Solved: Memory Allocation Problems

Hi I am pretty new to CUDA programming, but I have run into an issue that somewhat puzzles me.

If I use normal malloc to allocate host memory and cudaMalloc to allocate device memory, everything works fine until I try to retrieve my results.

cudaMemcpy(hostPtr, devicePtr, size, cudaMemcpyDeviceToHost) fails with "cudaErrorIllegalAddress"

However, it only fails if “size” is larger than 1048576 bytes. With sizes below everything works fine.

If I use cudaMallocHost to allocate host memory, I directly get a segmentation fault (SIGSEGV) in Actually I already get this segmentation fault when I try to allocate more than 262144 bytes (2^18) of memory using that function.

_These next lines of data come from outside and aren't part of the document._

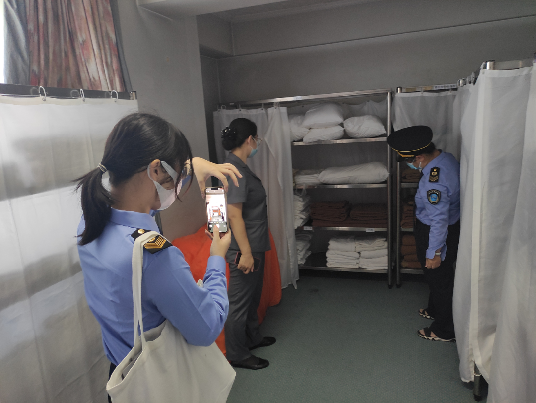 檢查組首先查驗(yàn)了影視之家項(xiàng)目部員工持健康合格證明上崗情況和健康證明公示情況,并檢查了顧客用品用具清洗、消毒、清潔的情況,一次性用品用具是否重復(fù)使用情況以及抽查了部分客用品是否符合行業(yè)衛(wèi)生要求。在美發(fā)室,檢查組針對(duì)消毒方式、消毒用具、消毒劑配比等情況進(jìn)行了隨機(jī)提問(wèn),項(xiàng)目部員工對(duì)答如流,得到了檢查組的充分肯定。同時(shí),檢查組對(duì)影視之家項(xiàng)目部布草間和消毒間嚴(yán)格按照規(guī)范存放布草(不銹鋼貨架離地10厘米,離墻面10厘米等),工具車分類明確、環(huán)境整潔給予高度認(rèn)可,并現(xiàn)場(chǎng)拍照留存,表示將作為轄區(qū)內(nèi)其他酒店的工作示范標(biāo)準(zhǔn)。
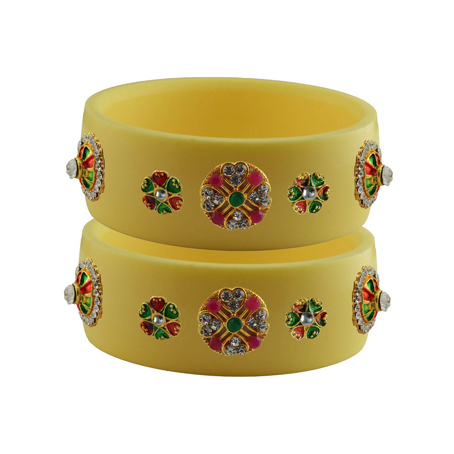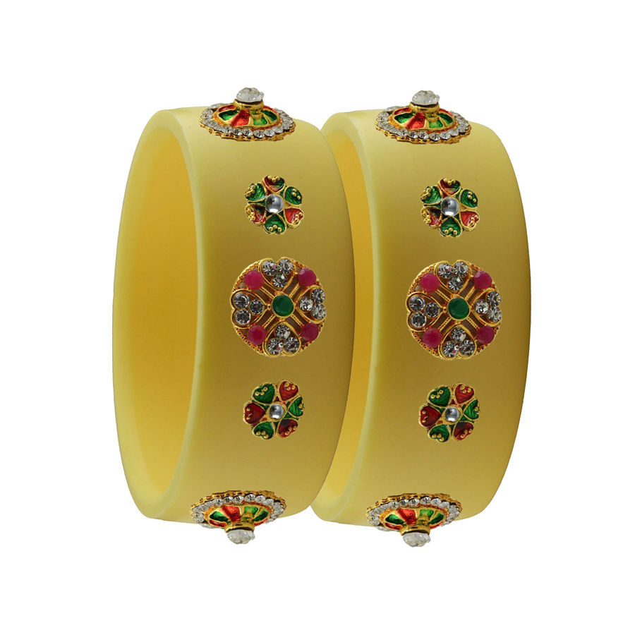 Enamel Yellow color Bangles in Metal Alloy studded with CZ Diamond
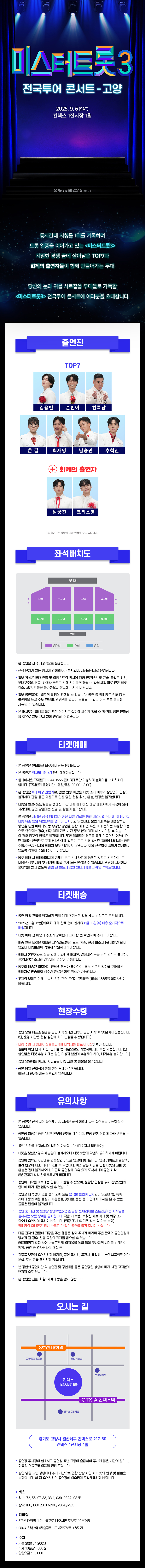 이번 고양 공연에는 미스터트롯3 TOP7 멤버들인 김용빈, 손빈아, 천록담, 최재명, 추혁진, 춘길, 남승민(출연 조율 중) 외에도 남궁진, 유지우, 크리스영 등 화제의 출연자들이 함께 무대에 오릅니다.:

Is there a limit or am I doing something wrong?

P.S.: The system I am working on runs Linux 3.19 Kernel has a Quadro K2000 installed. I use TK Version 7.0.

This line of code is probably occurring after one or more kernel calls.

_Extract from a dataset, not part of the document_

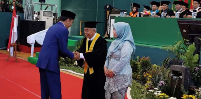 Presiden Joko Widodo hadir di acara pengukuhan Sabtu lalu. Saat menuju panggung Presiden Jokowi menghadap ke senat guru besar dulu. Lalu membungkuk khusu' memberi hormat. Demikian pula setelah turun dari podium. Kembali menghadap senat dan kembali membungkuk hormat.
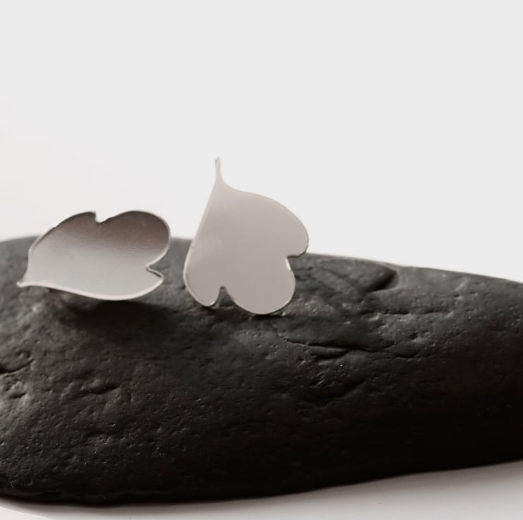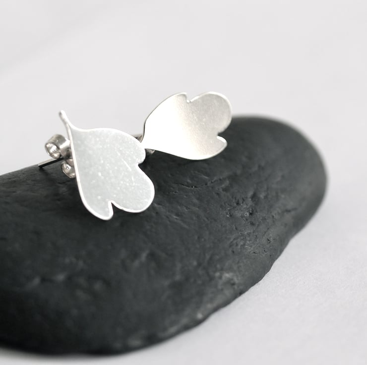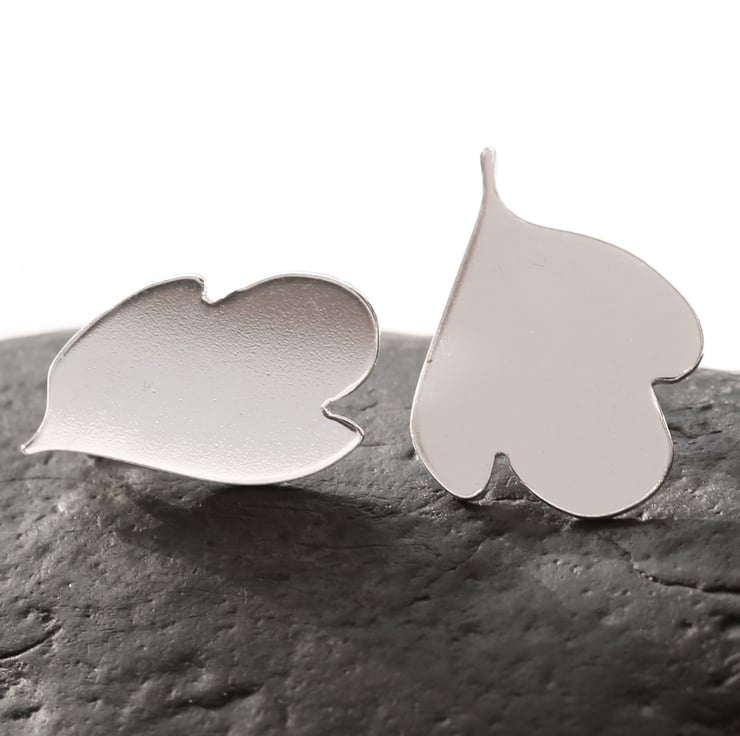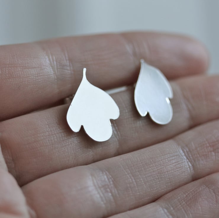 Garden Leaf stud earrings, handmade in sterling silver and given a polished finish.

The cudaErrorIllegalAddress is an error returned from a kernel operation. It has nothing to do with this specific cudaMemcpy operation. CUDA runtime API calls can return an error associate with the call or any asynchronous error that has occurred previously.

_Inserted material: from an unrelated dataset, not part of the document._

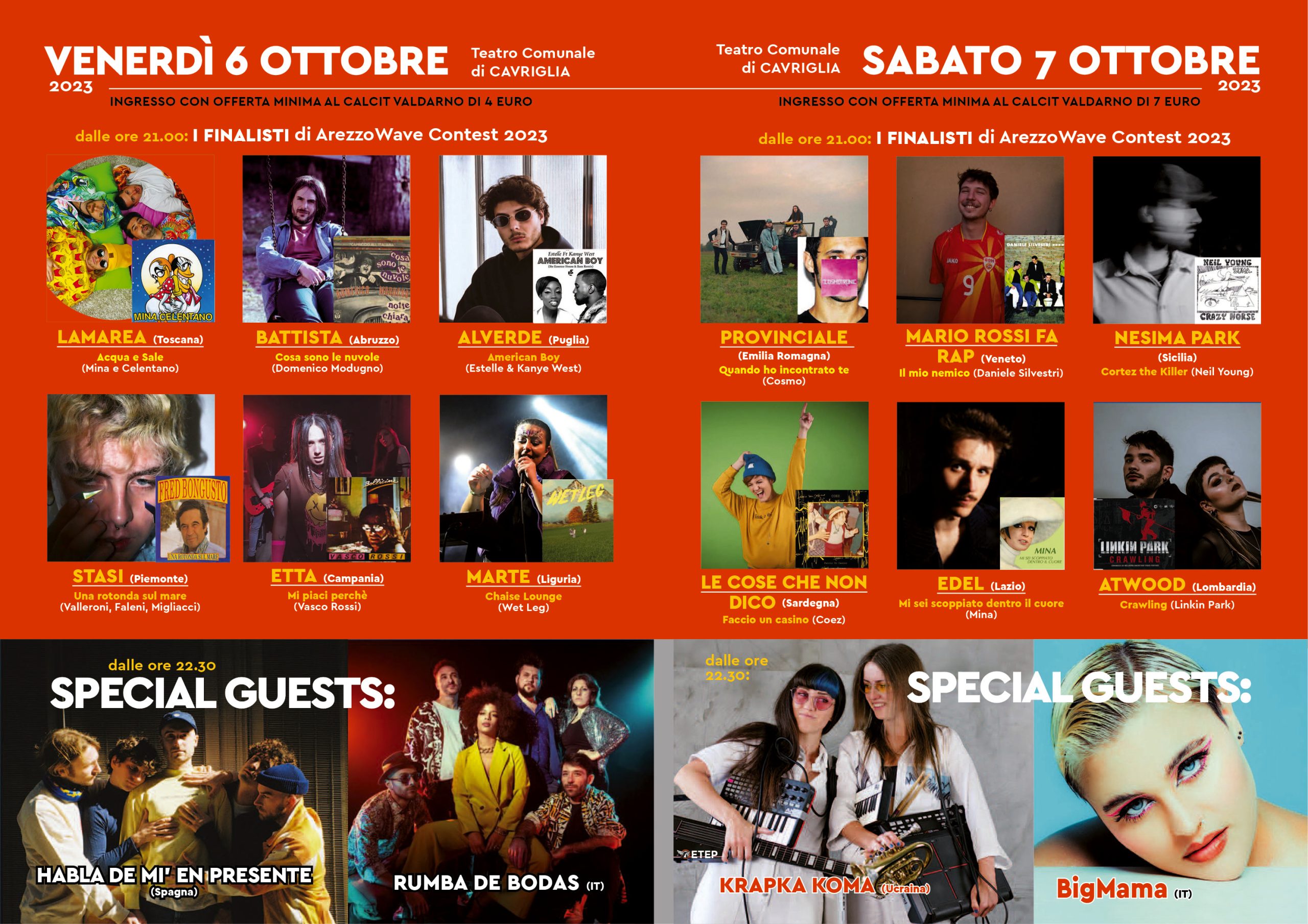 Mauro Valenti, Arezzo Wave :”È con enorme piacere che l’araba fenice di ArezzoWave si trova a volare anche quest’anno con nuovi stimoli e con un festival che cresce rispetto all’edizione 2022, per artisti stranieri ed italiani ospiti e campi nuovi che si aprono per il nostro pubblico. Quest’anno, come leggete, sarà un’edizione più grande e più completa, ma vorrei sottolineare particolari per noi importanti anche se meno eclatanti. Nello staff e negli incontri vedrete molti giovanissimi, molti del Valdarno (dal Liceo Artistico di Montevarchi), altri di Arezzo e altri ancora da Perugia e altre parti d’Italia. Ci piaceva far conoscere come si realizza un evento, dare responsabilità e gratificazioni e magari futuri posti di lavoro nel settore dello spettacolo. Inoltre il ricavato delle offerte di entrata per le nostre iniziative, ad Arezzo come nel Valdarno, va al Calcit, ente meritorio per le finalità e gli obiettivi che ogni anno persegue e raggiunge.”

When you increase the “size” it is also probably having some sort of affect on the kernel operation, which is impossible to diagnose by looking at the one line of code you have shown.

You might use the method described in the answer here:

to identify a specific line of your kernel code that is causing the illegal address error.

Thanks for that hint. I finally figured out what went wrong. Apparently, I sometimes wrote beyond the boundaries of the allocated memory (multiplied number of elements with the element size twice). So I messed up some memory area that I shouldn’t and CUDA did not like it.